And it’s the concept of just building your tribe one person at a time, and if you could get that many people, some of them will tell other people and you’ll have less casual fans, too. I feel like that was very important in me in the beginning and I feel like sometimes we lose track of that. We’re always trying to get new readers by all this advertising on Amazon and I see people sometimes lose focus of the fans they already have.
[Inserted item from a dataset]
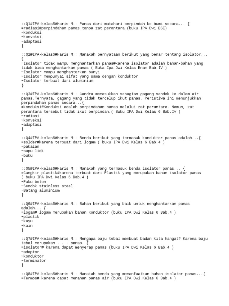Yang pertama adalah wajan wajan atau bagian dari besi yang terbuat dari logam. Jadi logam memiliki sifat jonduktor panas. Panci wajan penggorengan dan beberapa peralatan masak di dapur terbuat. Kain merupakan pengantar panas yang buruk.

I try to not let myself do that, like I just sent out a bunch of bonus scenes and a free, short story with the new series I’m doing and somebody emailed it back and they were like, ‘wow, that’s so awesome. No author has ever sent me a free ebook.’ And I was like, really?
Joanna Penn: Well, you need to get on some more email lists!
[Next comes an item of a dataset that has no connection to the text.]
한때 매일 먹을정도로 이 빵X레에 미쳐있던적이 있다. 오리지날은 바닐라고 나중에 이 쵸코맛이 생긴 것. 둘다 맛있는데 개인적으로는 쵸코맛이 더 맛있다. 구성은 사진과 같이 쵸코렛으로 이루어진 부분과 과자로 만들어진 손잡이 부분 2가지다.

Lindsay Buroker: Maybe they were thinking traditionally published authors and stuff, but I think even they’ll have to do it, really kind of cultivating the people that you can get and making sure to continue to make them feel like they’re your best customers. They’re the proven people that go out and buy your book at new releases. And it’s a little less daunting too. I think if you just think, all right, one fan at a time.
I’m going to build a fan base and I’m going to treat them really well instead of always just — I mean, you always have to try to get new people into it because things happen. People pass away or people’s tastes change — But I think if you really focus on giving a lot to the people who really have proven that they love your books. I think that’s going to have to be the focus as it continues to be more competitive. If these AI’s you’re talking about start writing thrillers and epic fantasy, you know, you really have to connect with your people by giving them what they love.
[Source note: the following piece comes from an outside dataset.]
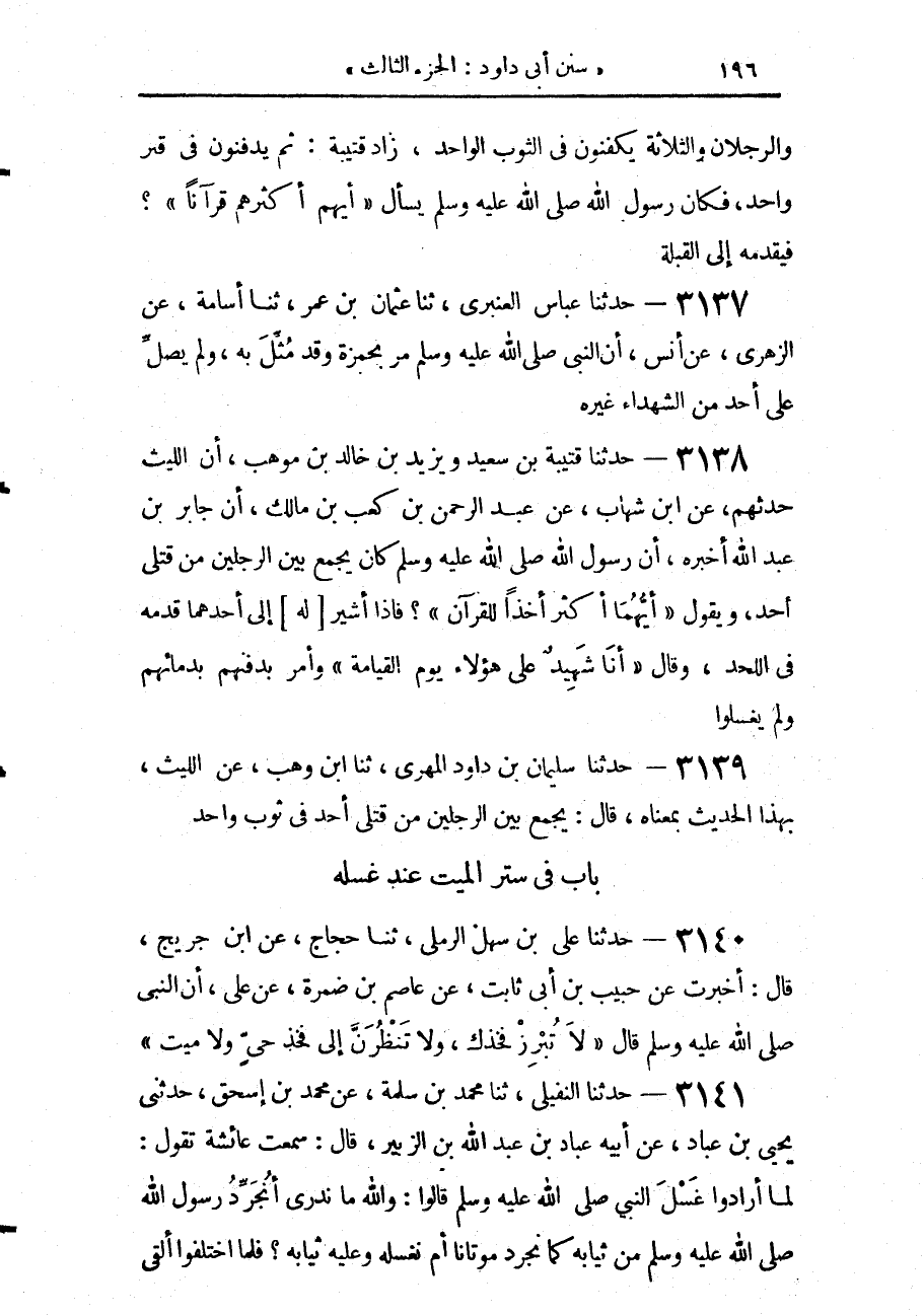 3138 - حَدَّثَنَا قُتَيْبَةُ بْنُ سَعِيدٍ، وَيَزِيدُ بْنُ خَالِدِ بْنِ مَوْهَبٍ، أَنَّ اللَّيْثَ، حَدَّثَهُمْ عَنِ ابْنِ شِهَابٍ، عَنْ عَبْدِ الرَّحْمَنِ بْنِ كَعْبِ بْنِ مَالِكٍ، أَنَّ جَابِرَ بْنَ عَبْدِ اللَّهِ، أَخْبَرَهُ أَنَّ رَسُولَ اللَّهِ صَلَّى اللهُ عَلَيْهِ وَسَلَّمَ كَانَ §يَجْمَعُ بَيْنَ الرَّجُلَيْنِ مِنْ قَتْلَى أُحُدٍ وَيَقُولُ: «أَيُّهُمَا أَكْثَرُ أَخْذًا لِلْقُرْآنِ؟» فَإِذَا أُشِيرَ لَهُ إِلَى أَحَدِهِمَا، قَدَّمَهُ فِي اللَّحْدِ، وَقَالَ: «أَنَا شَهِيدٌ عَلَى هَؤُلَاءِ يَوْمَ الْقِيَامَةِ» وَأَمَرَ بِدَفْنِهِمْ بِدِمَائِهِمْ، وَلَمْ يُغَسَّلُوا،

I don’t necessarily share a lot personally about what I’m doing. Every now and then, they get a dog picture or something, but I just try to give them the stories that they enjoy. So I think that’s what we’re going to have to do going forward as it’s probably only going to get more competitive, but your people who really love your voice and the way you write, they have maybe similar tastes to you that are out there, you just have to do all this other stuff to find them, but once you find them, nurture them and try to keep them on board. I think that’s always going to be the way to have a solid career and to know that you have somebody to buy the next book that you put out.
You can listen to the episode on writing series with Lindsay Buroker here.
I am obsessing more and more about 1000 True Fans at the moment. It’s also the heart of the great book, Marketing Rebellion: The Most Human Company Wins by Mark W Schaefer: “We’re moving inexorably toward a subscription-driven, human-driven, emotion-driven, ad-free, funnel-free, big brand loyalty-free world.”
People want connection and fans love supporting the creators they know, like and trust.
That’s why Patreon and Kickstarter and Buy me a Coffee and direct sales are all rising in popularity, and why social media continues to be popular, and why podcasts are exploding. It’s all about connection and that’s what we need to focus on.
I also think indie authors have been too fixated on trying to play the same game as traditional publishers, when we don’t need to. Why compete on the same huge mass-market playing field? Why not just go build our own area just for our fans with all the cool, weird stuff we like and they like, where we can hang out and read books together and sell to our tiny corner of the internet? That’s the idea of 1000 True Fans.
The mass market is basically over. The world is fragmenting faster than ever.
There are more and more media channels and places for people to congregate around things they love. Chris Anderson talked about the emergence of the ‘long tail’ back in 2004 but I feel like many people still want to deny the reality of it and have some hope of a blockbuster when that is rarer than ever. Of course, I want a movie deal and a runaway hit as much as the next author, but I don’t want to spend my life pursuing that or defining myself by other people’s definition of success.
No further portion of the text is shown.